I woke up on Friday, vomiting. At first, I thought it was just the previous night’s experiences come back to haunt me. But when I ran my hand through my hair, a clump of the stuff stayed there, along with more than a little skin. Panicked, I ran to Moira. She turned her own counter on me, and it sounded like ten-thousand tiny gnats playing the maracas. I’d apparently soaked up in excess of 600 rads. She was so excited to examine the effects that she barely stopped to talk to me before she broke out the equipment. An hour of tiresome questions and measurements with questionably clean instruments later, she gave me some kind of shot and a glass of Brahmin milk (those two-headed cows that seem to have replaced the single-headed variety). The shot felt warm in my veins. The milk was nice and cold, and tasted kind of nutty. It didn’t take long for me to start feeling better.

The worst of it was yet to come, as it turns out. When I asked Moira how I was, she hesitantly replied that I had developed a “slight mutation” as a result of my exposure. Apparently, during the course of the exam, she “slipped” with a scalpel and cut my arm. Funny thing is, I didn’t even notice, as the cut healed itself in a matter of seconds. I just tried it again myself, and it didn’t work. Guess I need to be irradiated for it to work. Well, Moira gave me a nice bonus to say “sorry for twisting up your DNA like a kitten with a ball of string.” It’s surprisingly easy to imagine a Moira-kitten all tangled up in string.

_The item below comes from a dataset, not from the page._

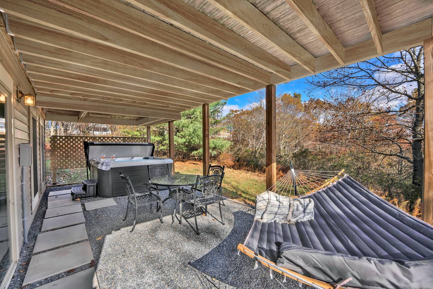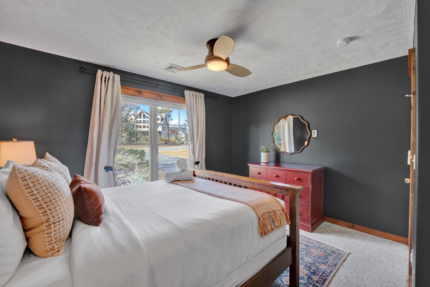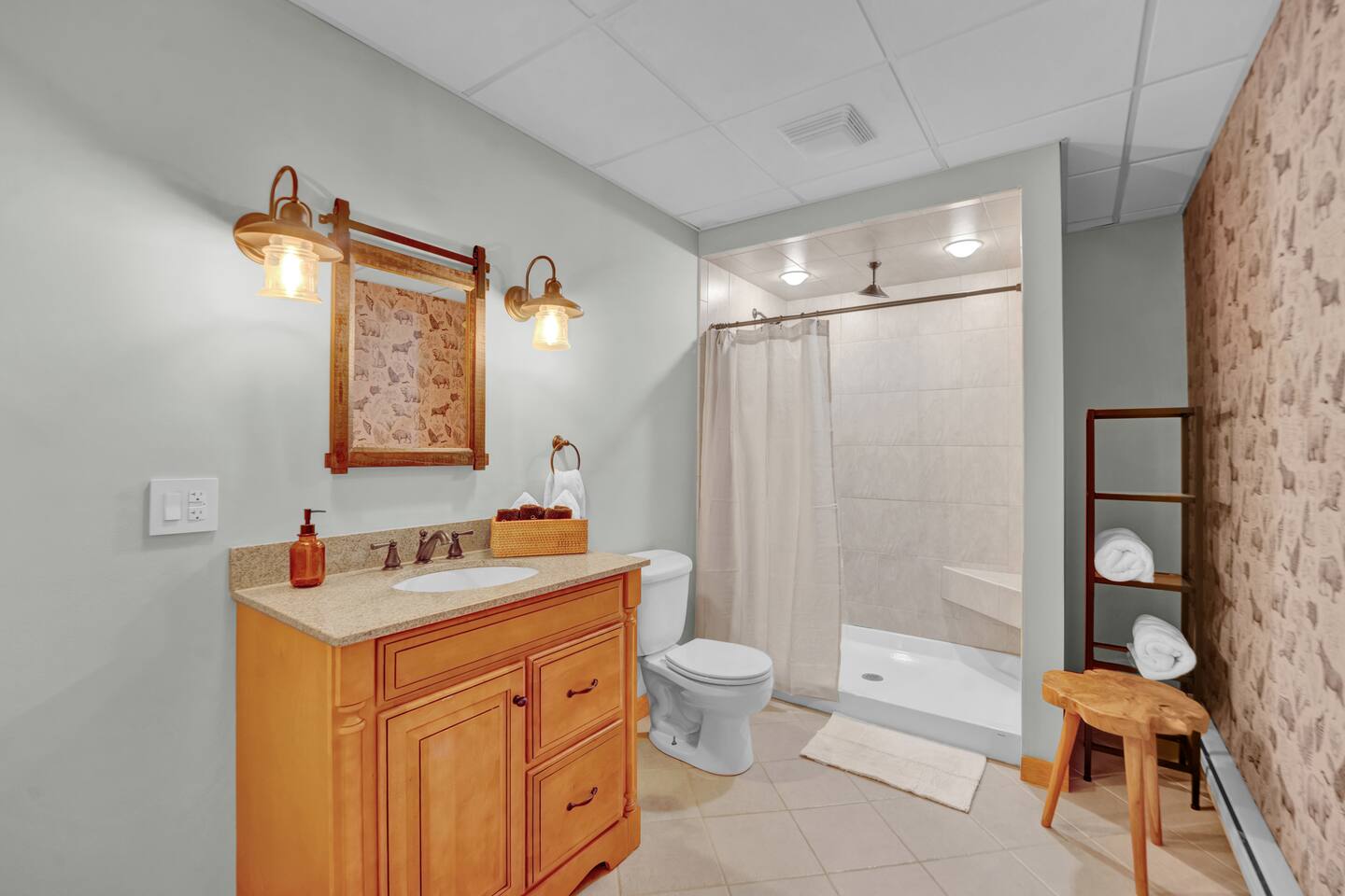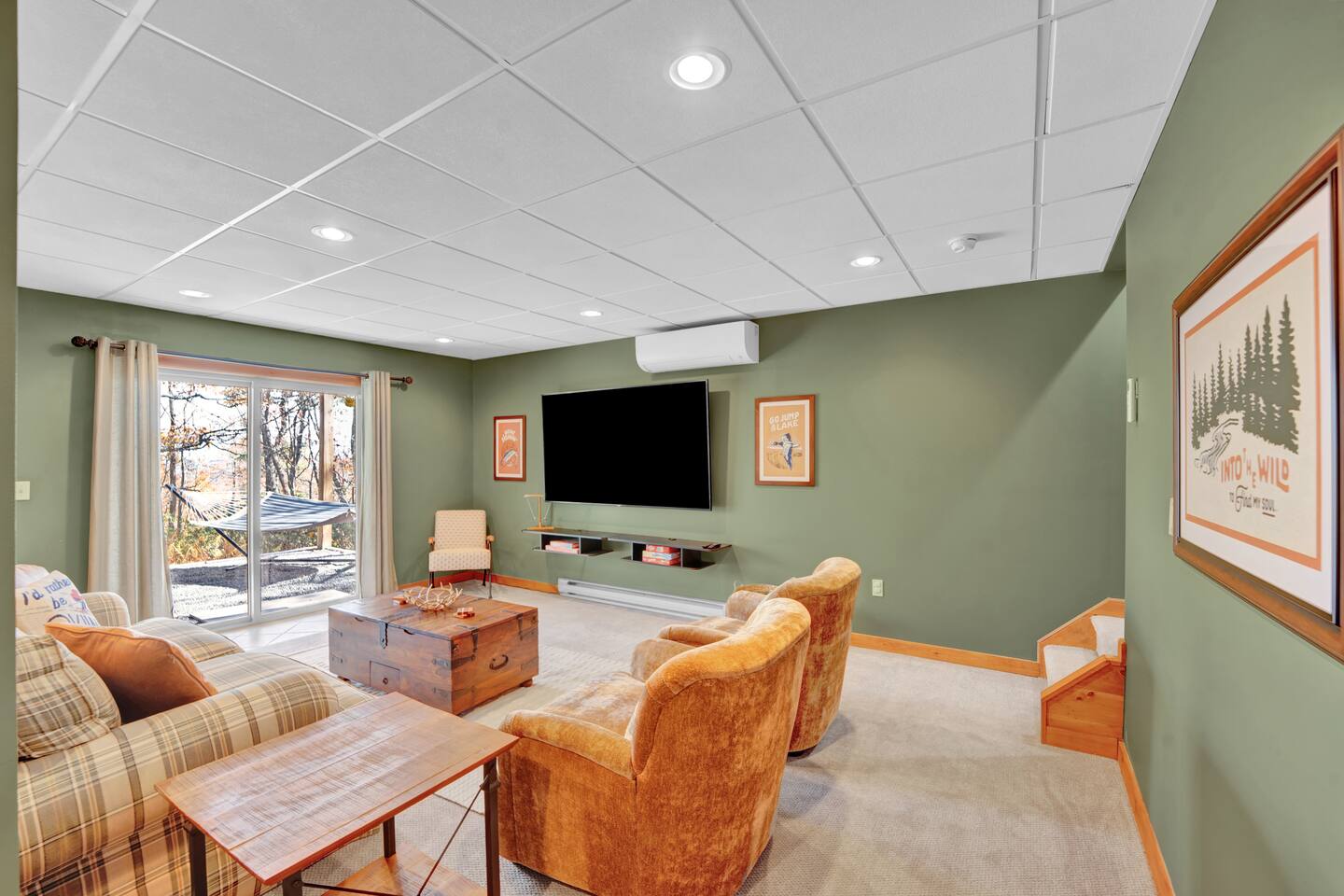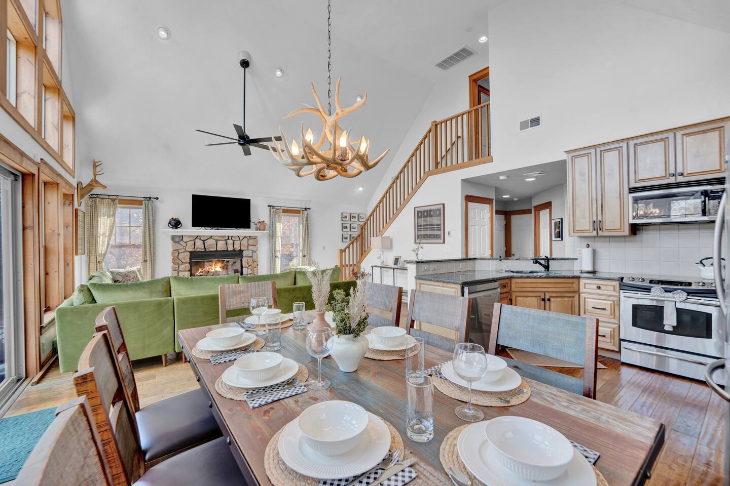 Welcome to Sunrise Chalet, a stylish and warm mountain-retreat basecamp for your Poconos adventure! Just minutes from Camelback’s slopes and trails, this inviting mountain home offers the perfect mix of comfort and excitement — unwind in the hot tub and take in the mountain views, let the kids explore and play on the custom-built climbing wall, or gather round the dining table late into the night. ✨ KEY FEATURES ✨ - 2,300+ sq. ft. | 3 bedrooms | 3 baths | Sleeps 8 - 6-person hot tub w. seasonal mtn views - Rec room with shuffleboard table, 80” smartTV, custom climbing wall & kids corner - Kid-friendly w/ high-chair, stroller, baby gate, bedrails, floorseat, bottle warmer & pack n’ play provided - Community outdoor pool, splash zone, playground & tennis courts - Large deck with outdoor dining, couch & rocking chairs, propane fire pit & Weber gas grill - Central AC throughout - Natural stone wood burning fireplace - Modern, well-equipped kitchen with quality cookware, appliances, and air-fryer 🛏️ BEDROOMS ↟ The home's 3 bedrooms offer comfort & privacy for your whole group – adults & children alike! On the main floor, you’ll find two comfortable queen bedrooms conveniently located next to a full bathroom with a tub. Each room is thoughtfully decorated and furnished with a dresser and closet. Upstairs, the master bedroom is a secluded en-suite, offering a king-sized bed, walk-in closet, dresser, dedicated workspace, and attached full bathroom. 🛁 BATHROOMS ↟ Enjoy a retreat-within-your-retreat in our three full-sized bathrooms. The main floor bathroom has a convenient shower/tub combo and a vanity sink, perfect for everyday use and bathing the kiddos after a long day of adventure. Upstairs, the master bathroom offers a spacious shower, tub, and a double-sink vanity with a large mirror - great for couples or families. The downstairs bathroom includes a large walk-in shower and sink, ideal for guests or quick refreshes. All bathrooms are fully stocked with complimentary hand towels, wash cloths, makeup towels, hair dryers, and premium bath-time essentials 🍳 KITCHEN & DINING AREA ↟ This bright, open kitchen makes meal time a breeze, with easy access to the 8-seat dining table and serene views of the surrounding woods. It’s fully stocked with stainless steel appliances—including a fridge with water dispenser, wine fridge, oven, stove, microwave, dishwasher, air fryer, crockpot and waffle maker - plus all the cookware, utensils, and serving pieces you need to create memorable meals with ease. Can’t forget the coffee (and tea, for all our tea people)! Kickstart your morning in the mountains with a Keurig dual drip & k-cup coffee machine. Or, choose from our extensive selection of Stash teas for a delightful variety to suit your taste buds. 🛋️ LIVING AREAS ↟ This living room is made for relaxing! Sink into the large L-shaped sectional or the stylish accent chair, both facing a cozy stone fireplace. Enjoy your favorite shows on the wall-mounted smartTV with all of your favorite streaming apps, play games with loved ones, or simply unwind after a day outdoors. Downstairs, the recreation room offers endless fun for everyone. Challenge each other on the shuffleboard table, let the kids explore the dedicated play corner with toys, books, and a custom-built, padded rock climbing wall, or sink into the couch while enjoying your favorite show on the 80” mounted smart TV. 🌅 OUTDOOR SPACE ↟ Enjoy direct views of Camelback mountain and the serenity of nature on our two-story deck! The upper deck features a propane fire pit table surrounded by a comfy outdoor sectional and chairs - perfect for cozy evenings under the stars. There’s also a 6-person dining table with an umbrella and Weber gas grill for al fresco meals with family or friends. The lower deck is your private relaxation spot, complete with a state-of-the-art hot tub, hammock, and 4-person outdoor dining table. Both levels offer stunning seasonal views of the ski slopes, making this the perfect setting for morning coffee, sunset cocktails, or simply unwinding after a day of adventure. Lastly, enjoy access (separate fee required)to the community's amazing amenities, including a brand new outdoor pool, splash zone, kid's playground and tennis courts.

The shot she gave me apparently flushed the radiation from my system and put me well on the path to recovery, but due to the severity of my exposure, I still wasn’t 100% yesterday. I spent the day in my new house, taking it easy. My Mr. Handy is named Wadsworth and, like the whole line, he’s been given a snobby British accent. However, despite his obnoxious tone, I’ve grown to like having him around. He’s a lot more stable than that psycho-bot Andy, and he can generate purified water fro me on command (a comfort when I was recovering from radiation sickness). He also tells some truly abyssmal jokes. I think his programmers fished them out of a pre-war pun book. Every once in a while, he’ll refuse to tell a joke on the grounds that his “humor emitter array requires recharging.” I think that’s supposed to be a joke, too; I have no idea what a humor emitter would be, much less why he would need an array of them.

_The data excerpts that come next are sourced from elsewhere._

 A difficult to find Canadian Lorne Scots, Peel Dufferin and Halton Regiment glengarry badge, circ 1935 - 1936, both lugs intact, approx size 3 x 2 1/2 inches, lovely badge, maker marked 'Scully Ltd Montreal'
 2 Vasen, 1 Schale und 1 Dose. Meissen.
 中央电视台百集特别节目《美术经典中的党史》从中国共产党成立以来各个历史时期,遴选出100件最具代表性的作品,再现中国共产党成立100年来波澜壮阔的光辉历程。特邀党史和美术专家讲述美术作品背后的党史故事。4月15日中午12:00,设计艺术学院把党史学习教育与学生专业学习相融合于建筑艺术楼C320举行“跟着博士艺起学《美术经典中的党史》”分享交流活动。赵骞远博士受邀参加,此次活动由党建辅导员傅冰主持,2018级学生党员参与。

The upshot of taking yesterday off was that it gave me time to proces everything. According to Moriarty’s file on Dad, he went to the Galaxy News Radio station. I’ve been listening to the station for a while, and Three Dog seems to have confirmed that he met my father. Moira’s maps show the station being smack in the middle of downtown. As it stands right now, I have neither the experience nor the equipment necessary to make it through that area. It is apparently an all-out warzone full of raiders and Super Mutants. I need time to get some survival experience and some better equipment, and from where I’m sitting, the best way to do that right now is to help Moira write this guide of hers. I’ll learn about the Wasteland during my exploits, and she’s been promising me some pretty nice tech for helping her.

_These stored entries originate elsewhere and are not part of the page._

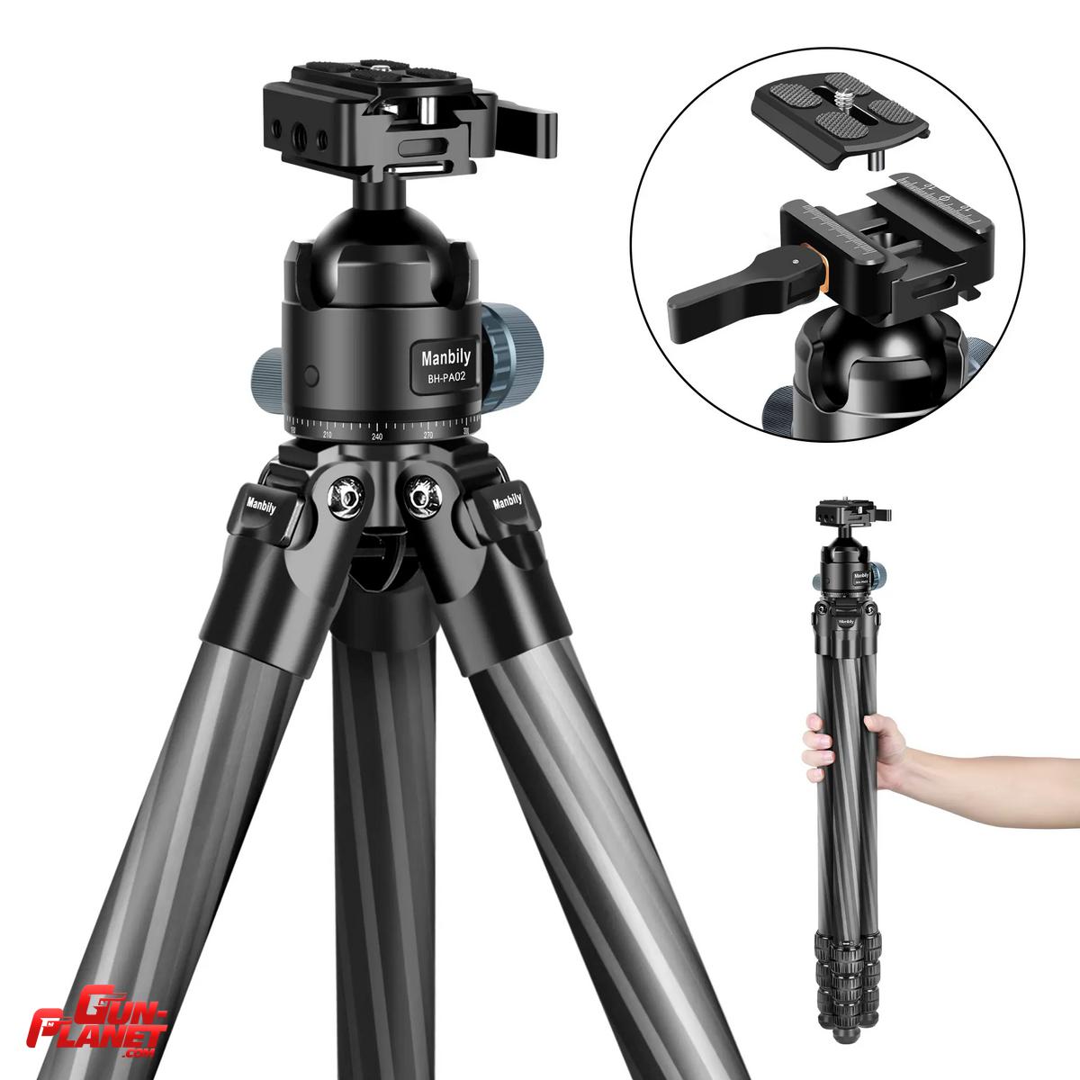 Trípode de fibra de carbono Manbily WZ-324PA para tiro de precisión
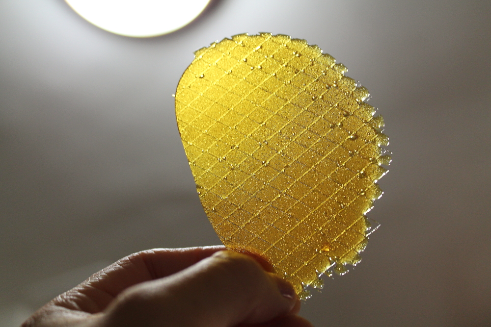 For the majority of the sugar, I poured them on the silicone sheets in small disks. I allowed them to cool. Actually I placed them in the freezer, but that was a bad idea since it made it really brittle and hard to peel of the sheets. Carefully with a flat spatula remove the sugar from the sheets. This was the hardest part and a few of them did break. But the results were pretty cool.
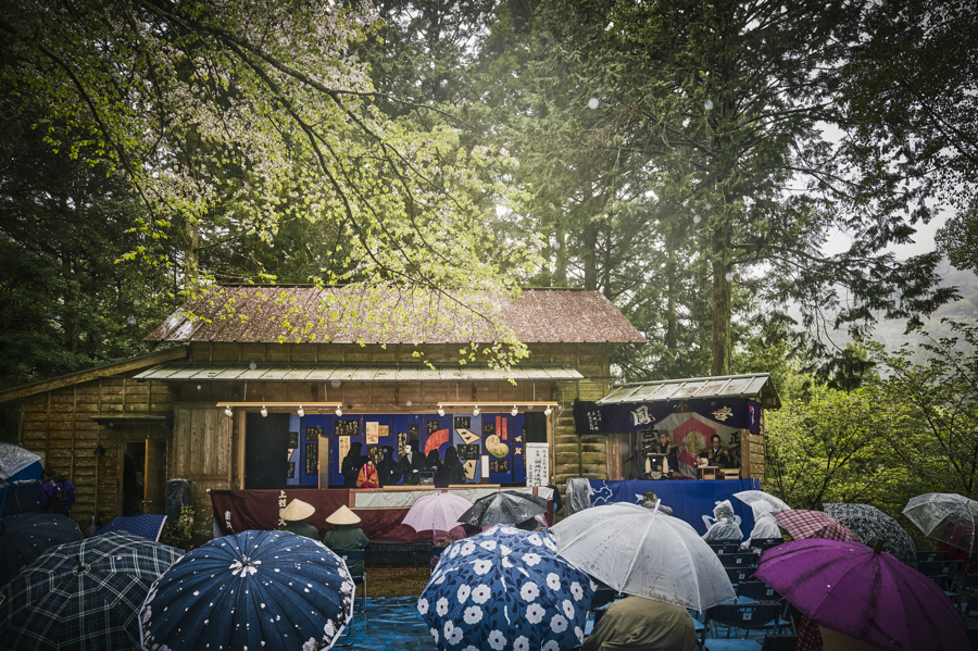 除了庆典活动,每年春天与秋天,农村舞台都有人形净琉璃表演。今年4月,丁晓文记录了一场伴随着春雨进行的表演,瓢泼大雨依然挡不住当地和从外地赶来的观众。人们打着伞、站在泥泞的地上看完了整场演出。

She’s excited about the prospect of me helping her. I think the first thing I’m going to do is follow up this lead in the Super-Duper Mart to the northeast of Megaton. Jericho tells me it’s likely to be swarming with raiders, so I traded some of the stuff I scavved for some 5.56 ammo and Stimpaks (a wondrous invention, basically adrenaline and blood plasma in a syringe). Tomorrow, I set out for the Super-Duper Mart; tomorrow, I take my first step toward finding Dad. Here’s to hoping.

News: December 23rd, 2008

•24/12/2008 • 2 Comments

First of all, Merry Almost-Christmas. Happy Channukah. Whatever you celebrate at this time of year, enjoy it.

Alright, I’m sorry it’s been so long since my last writing. For the twelve of you that actually check this thing, please try to understand: at school, my brain is constantly engaged, leaving little time for the writing. At home, I’m always working, leaving little time for the writing. But hopefully, between Christmas Eve and Boxing Day, I should put up some more Vault Dweller’s Diary/Rain/Tanka Epic. We’ll see!

But for now, good night. I have work in the morning.